What is the difference between a Turing machine and the modern computer? It's the same as that between Hillary's ascent of Everest and the establishment of a Hilton hotel on its peak.
Motto for a research laboratory: What we work on today, others will first think of tomorrow.
Though the Chinese should adore APL, it's FORTRAN they put their money on.
We kid ourselves if we think that the radio of procedure to data in an active data-base system can be made arbitrarily small or even kept small.
We have the mini and the micro computer. In what semantic niche would the pico computer fall?
It is not the computer's fault that Maxwell's equations are not adequate to design the electric motor.
One does not learn computing by using a hand calculator, but one can forget arithmetic.
Computation has made the tree flower.
The computer reminds one of Lon Chaney - it is the machine of a thousand faces.
The computer is the ultimate polluter. Its feces are indistinguishable from the food it produces.
When someone says "I want a programming language in which I need only say what I wish done," give him a lollipop.
Interfaces keep things tidy, but don't accelerate growth: Functions do.
Don't have good ideas if you aren't willing to be responsible for them.
Computers don't introduce order anywhere as much as they expose opportunities.
When a professor insists computer science is X but not Y, have compassion for his graduate students.
In computing, the mean time to failure keeps getting shorter.
In man-machine symbiosis, it is man who must adjust: The machines can't.
We will never run out of things to program as long as there is a single program around.
Dealing with failure is easy: Work hard to improve: Success is also easy to handle: You've solved the wrong problem. Work hard to improve.
One can't proceed from the informal to the formal by formal means.
Purely applicative languages are poorly applicable.

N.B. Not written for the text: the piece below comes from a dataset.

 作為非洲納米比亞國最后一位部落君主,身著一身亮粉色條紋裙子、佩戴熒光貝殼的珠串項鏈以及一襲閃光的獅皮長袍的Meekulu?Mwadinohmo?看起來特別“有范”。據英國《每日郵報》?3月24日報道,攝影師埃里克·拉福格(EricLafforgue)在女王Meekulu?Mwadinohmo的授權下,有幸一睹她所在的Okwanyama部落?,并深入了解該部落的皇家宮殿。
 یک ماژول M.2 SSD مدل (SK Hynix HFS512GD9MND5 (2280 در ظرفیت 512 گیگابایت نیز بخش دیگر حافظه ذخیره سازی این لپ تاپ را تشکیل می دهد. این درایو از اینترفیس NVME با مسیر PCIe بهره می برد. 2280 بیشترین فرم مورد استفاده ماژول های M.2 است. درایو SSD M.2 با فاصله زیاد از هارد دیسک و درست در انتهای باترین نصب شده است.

The proof of a system's value is its existence.
You can't communicate complexity, only an awareness of it.
It's difficult to extract sense from strings, but they're the only communication coin we can count on.

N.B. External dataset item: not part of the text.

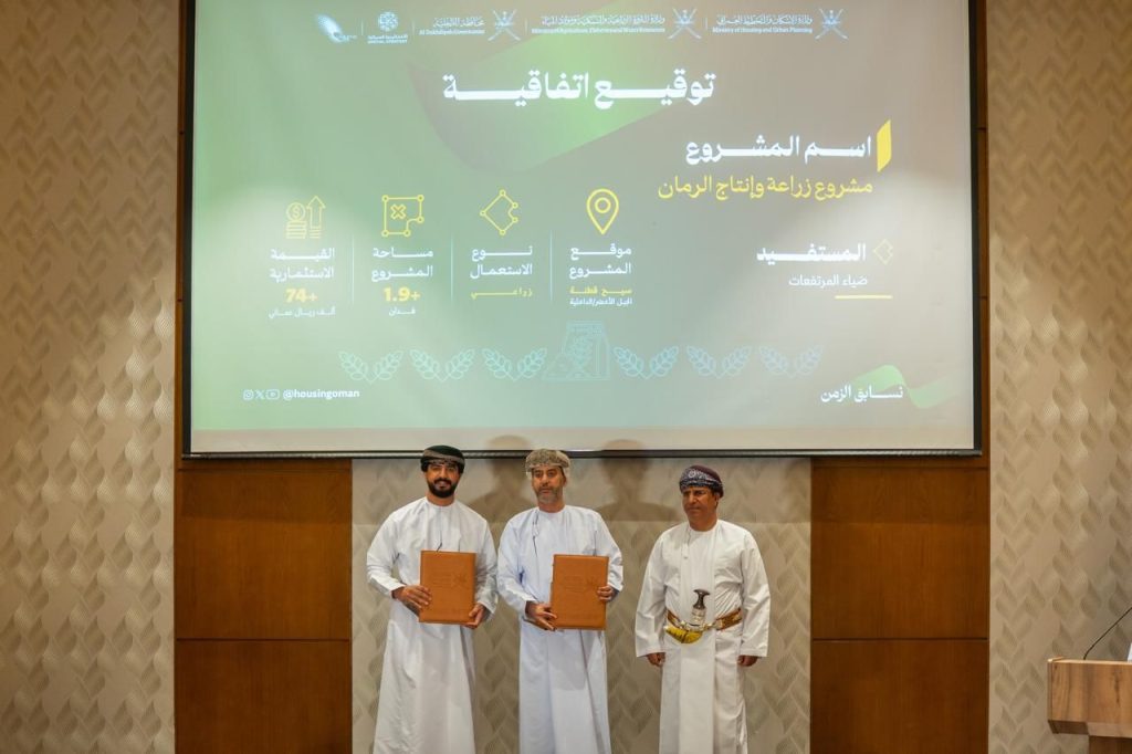 في إطار تعزيز الاقتصاد ودعم الأمن الغذائي، وقّعت وزارة الإسكان والتخطيط العمراني بالتعاون مع وزارة الثروة الزراعية والسمكية وموارد المياه 13 عقد انتفاع زراعي لمشاريع استثمارية في محافظتي الداخلية وجنوب الباطنة، بقيمة استثمارية تجاوزت 2.7 مليون ريال عماني وعلى مساحة إجمالية تجاوزت 246 فدان.

The debate rages on: Is PL/I Bachtrian or Dromedary?
Whenever two programmers meet to criticize their programs, both are silent.

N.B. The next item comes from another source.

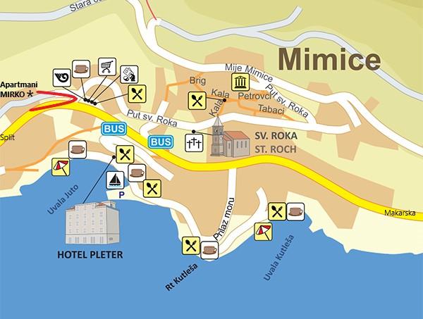 U blizini apartmana je kafić-pizzeria, pošta i market (1min hoda). Do plaže je 5-8min hoda. Besplatan parking i wi-fi Kuća se nalazi u mirnijem predjelu mjesta sa prostranim dvorištem. Mimice se nalaze u blizini Omiša, Makarske i Splita, što je idealno za obilaske. Dodatni sadržaji i aktivnosti: rafting na rijeci Cetini, zipline, pješačke staze, biciklizam, ronjenje, izleti brodom, Skywalk Biokovo... Za sve ostale informacije, slobodno nas kontaktirajte. DOBRODOŠLI! Danijela & Mirko

Think of it! With VLSI we can pack 100 ENIACs in 1 sq.cm.
Editing is a rewording activity.
Why did the Roman Empire collapse? What is the Latin for office automation?
Computer Science is embarrassed by the computer.
The only constructive theory connecting neuroscience and psychology will arise from the study of software.
Within a computer natural language is unnatural.
Most people find the concept of programming obvious, but the doing impossible.
You think you know when you learn, are more sure when you can write, even more when you can teach, but certain when you can program.
It goes against the grain of modern education to teach children to program. What fun is there in making plans, acquiring discipline in organizing thoughts, devoting attention to detail and learning to be self-critical?
If you can imagine a society in which the computer-robot is the only menial, you can imagine anything.
Programming is an unnatural act.
Adapting old programs to fit new machines usually means adapting new machines to behave like old ones.
In seeking the unattainable, simplicity only gets in the way.
If there are epigrams, there must be meta-epigrams.
Epigrams are interfaces across which appreciation and insight flow.
Epigrams parametrize auras.
Epigrams are macros, since they are executed at read time.
Epigrams crystallize incongruities.
Epigrams retrieve deep semantics from a data base that is all procedure.
Epigrams scorn detail and make a point: They are a superb high-level documentation.
Epigrams are more like vitamins than protein.
Epigrams have extremely low entropy.
The last epigram? Neither eat nor drink them, snuff epigrams.